Why are the US allowed to train MEK terrorists?

If you have any lingering doubt that the US-lead and British-supported "War on Terror" is a propaganda label for a cynical and violent campaign of political and economic self-interest, consider the revelations published by investigative journalist, Seymour Hersh, for New Yorker online. He reveals that during the Bush Administration, starting in 2005, US Joint Special Operations Command (JSOC) were training forces of the Mujahideen e-Khalk (MEK), a dissident Iranian group who were and still are on the US terrorist list. This training took place on US soil, Nevada, and in secret, covering communication, cryptography, small arms and weaponry.

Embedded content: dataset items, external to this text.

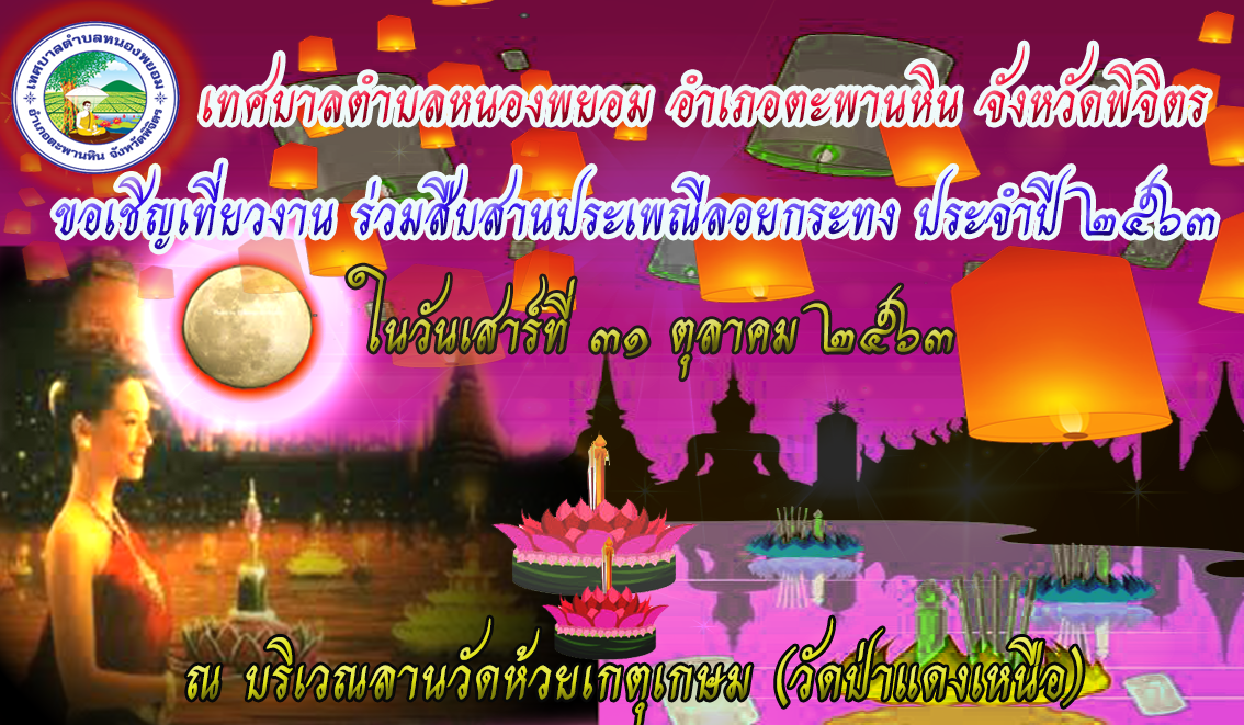 เทศบาลตำบลหนองพยอม ขอเชิญเที่ยวงาน ร่วมสืบสานประเพณีลอยกระทง ประจำปี ๒๕๖๓ ในวันเสาร์ที่ ๓๑ ตุลาคม พ.ศ. ๒๕๖๓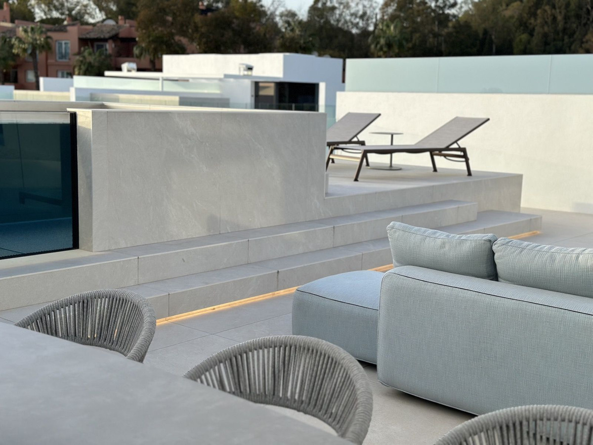 Brand new modern villa located in the prestigious area of Marbella's Golden Mile, close to the beach and within a secure community. This home is all about comfort and convenience, featuring modern architecture and private amenities.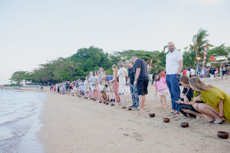 DENPASAR, balitourismnow.com – Sore itu wisatawan berkumpul di Pantai Sanur, tepatnya di depan Restoran Griya Santrian Beach Resort penuh senyum gembiraa. Masing-masing dari mereka membawa “kobokan”, wadah kecil terbuat dari tempurung kelapa berisi air dan tukik, anak penyu.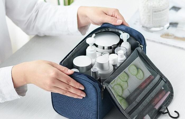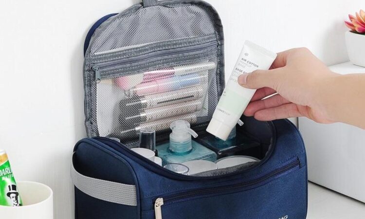 Toiletries Bag: Sebuah tas atau wadah yang digunakan khusus untuk mengorganisir dan membawa barang-barai keperluan pribadi seperti pasta gigi, sikat gigi, sabun, sampo, serta produk kosmetik dan perawatan kulit lainnya. Fungsinya adalah untuk memisahkan barang-barang ini dari pakaian dan barang bawaan lainnya agar tetap rapi, bersih, dan mudah ditemukan.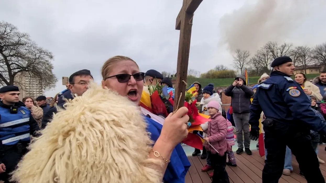 Diana Șoșoacă a venit la Alba Iulia într-o șubă ciobănească. Fanii i-au strigat numele și au fluturat drapele cu chipul ei și al lui Călin Georgescu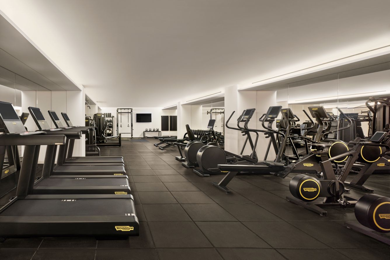 Modern training equipment, including cardio machines with built-in flat-screen TVs, free weights, a stretching space, and free towels, complete the wellness journey.
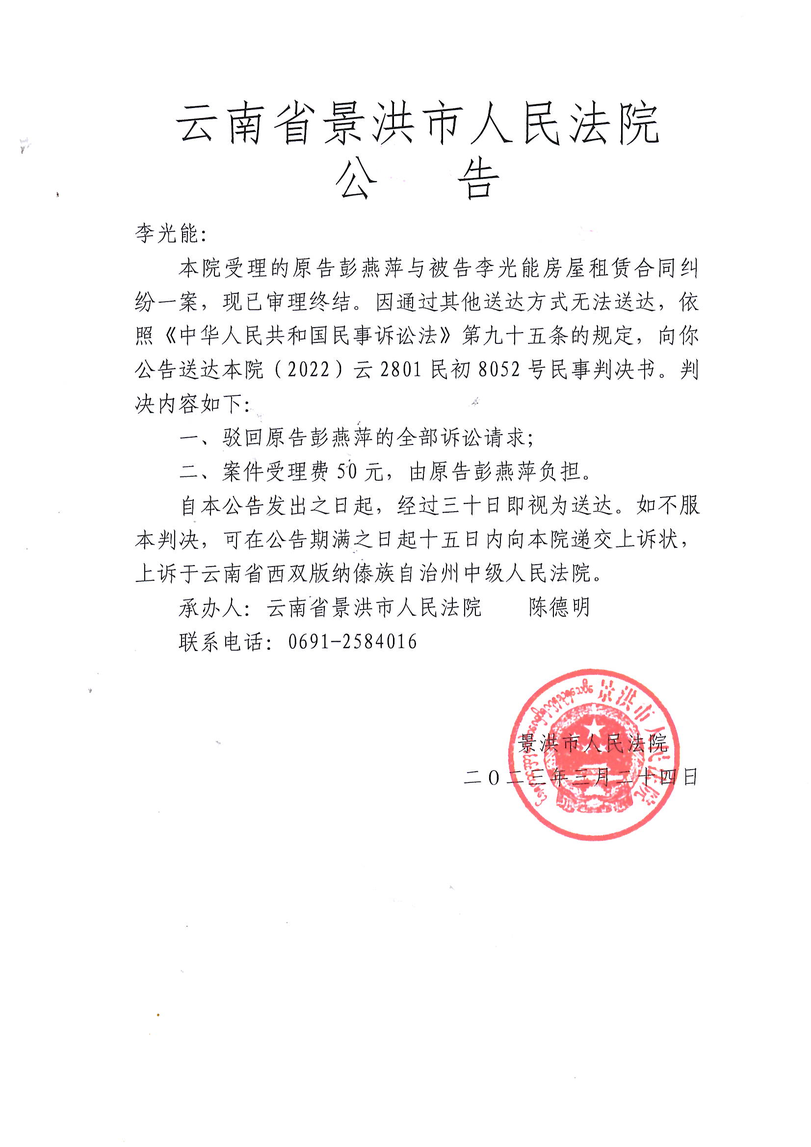 公告判决-李光能:(2022)云2801民初8052号民事判决书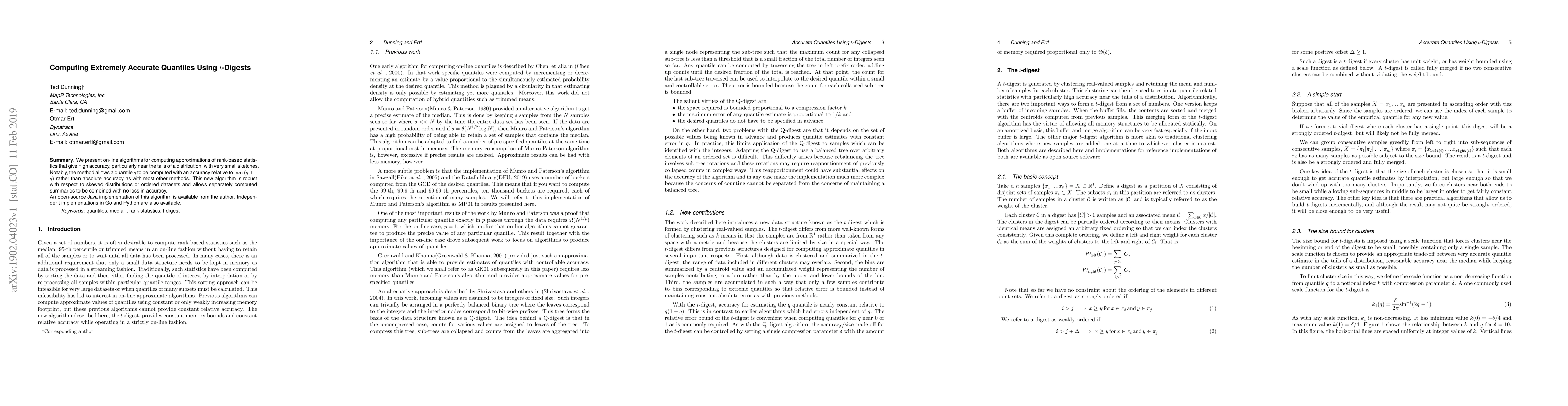 We present on-line algorithms for computing approximations of rank-based statistics that give high accuracy, particularly near the tails of a distribution, with very small sketches. Notably, the method allows a quantile $q$ to be computed with an accuracy relative to $\max(q, 1-q)$ rather than absolute accuracy as with most other methods. This new algorithm is robust with respect to skewed distributions or ordered datasets and allows separately computed summaries to be combined with no loss in accuracy. An open-source Java implementation of this algorithm is available from the author. Independent implementations in Go and Python are also available.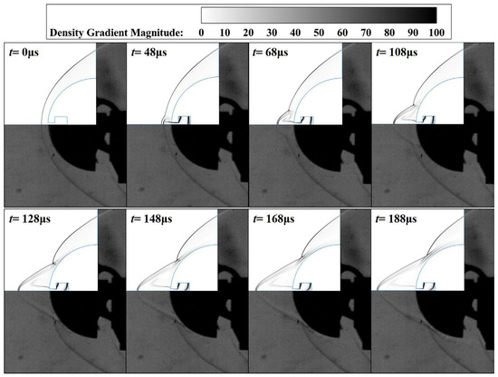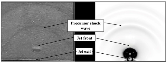 In order to verify the reliability of the above methods, the PSJ experimental result by Belinger et al. [39] was selected for comparison. Figure 4 shows a comparison between the experimental flow field structure observed 20 μs after discharge and the numerical results obtained 20 μs after adding the energy source term. In the experiment, the actuator was a cylinder with a diameter of 4 mm and a height of 4 mm, the nozzle diameter was 1 mm, and a discharge energy of 50 mJ and an electric heating efficiency of 5% were used in the calculation. It can be seen that, at the same moment, the main flow field structures such as precursor shock wave and jet front obtained by calculations and experiments are in good agreement, indicating that the simulation method of PSJ mentioned above is reliable.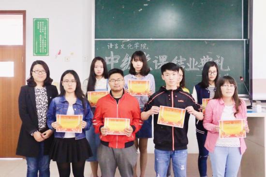 典礼在庄严的国际歌声中正式开始。语言文化学院党总支副书记杨央对本期中党培训工作作了简要总结。她对本次培训课程的设置、考核要求和标准等进行了回顾,着重对考核方式进行了详细的讲解,表扬了部分学员在培训过程中的良好表现。紧接着,日语专业支部书记李江涛宣读了本期中级党校17名优秀学员名单,希望他们继续严格要求自我,努力向党组织靠拢,争取早日成为一名真正的党员。会议第三项议程是由来自2016汉语言文学2班的胡晨曦同学作为优秀学员代表交流发言,分享了她在中党学习中的收获和感想,并对组织的教育和培养表示感谢。随后,各班级代表上台领取了结业证书和优秀学员奖状,并合影留念。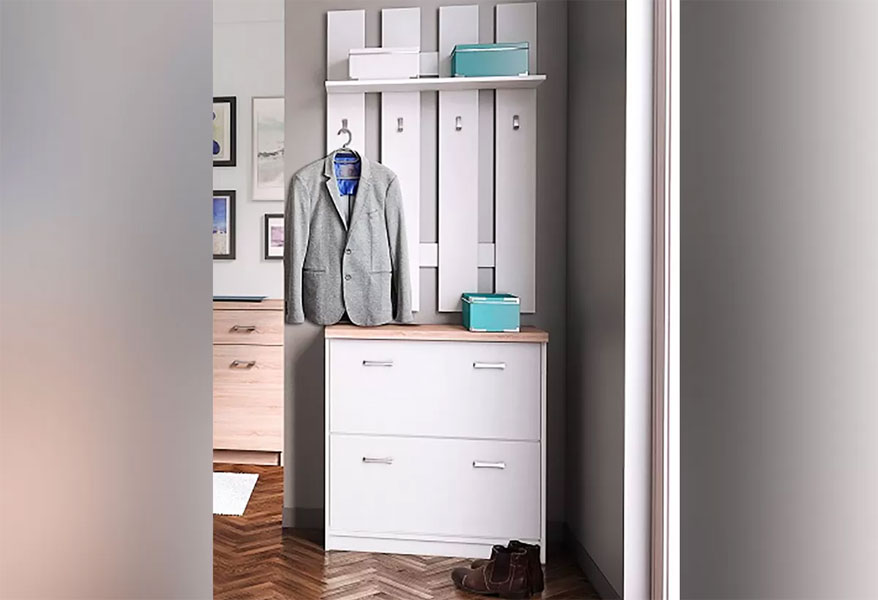 Предлага ползването на шкаф за обувки с две отделения, пано с четири закачалки и висока етажерка, подходяща за поставяне на шапки и други принадлежности.

It is currently a criminal offence to provide "material support" to any organisation on the US terrorist list and, this includes mere advice. Thus, if you personally advise a terrorist organisation to put down its weapons and pursue peaceful means, you are still, according to US law, providing material support and committing a very serious crime.

And, yet, JSOC were actually training members of a designated terrorist organisation on US soil, presumably, with Presidential approval. No-one has been charged for this crime and no investigations are being promised by the Obama Administration.

Whilst the training of MEK stopped before Obama entered office, the alliance between top-ranking US officials and MEK did not. Follow recent revelations, the Treasury Department has commenced an investigation into evidence that two dozen former high-ranking US officials were paid thousands of dollars by the MEK to speechify and lobby (as much as $30,000 for a speech) on their behalf in the US corridors of power. As Glenn Greenwald writes in his blog at salon.com:

"These officials include several prominent George W. Bush Administration anti-terror officials like Homeland Security secretary Tom Ridge, Homeland Security advisor Frances Fragos Townsend, Attorney General Michael Mukasey, UN ambassador John Bolton; as well as former Republican Mayor of New York, Rudolph Giuliani; former Democratic governors Ed Rendell of Pennsylvania and Howard Dean of Vermont; ex-FBI Director Louis Freeh; and retired chairman of the Joint Chiefs of Staff Gen. Hugh Shelton. These former officials have given speeches at home and abroad urging the State Department to remove the MEK from the FTO list."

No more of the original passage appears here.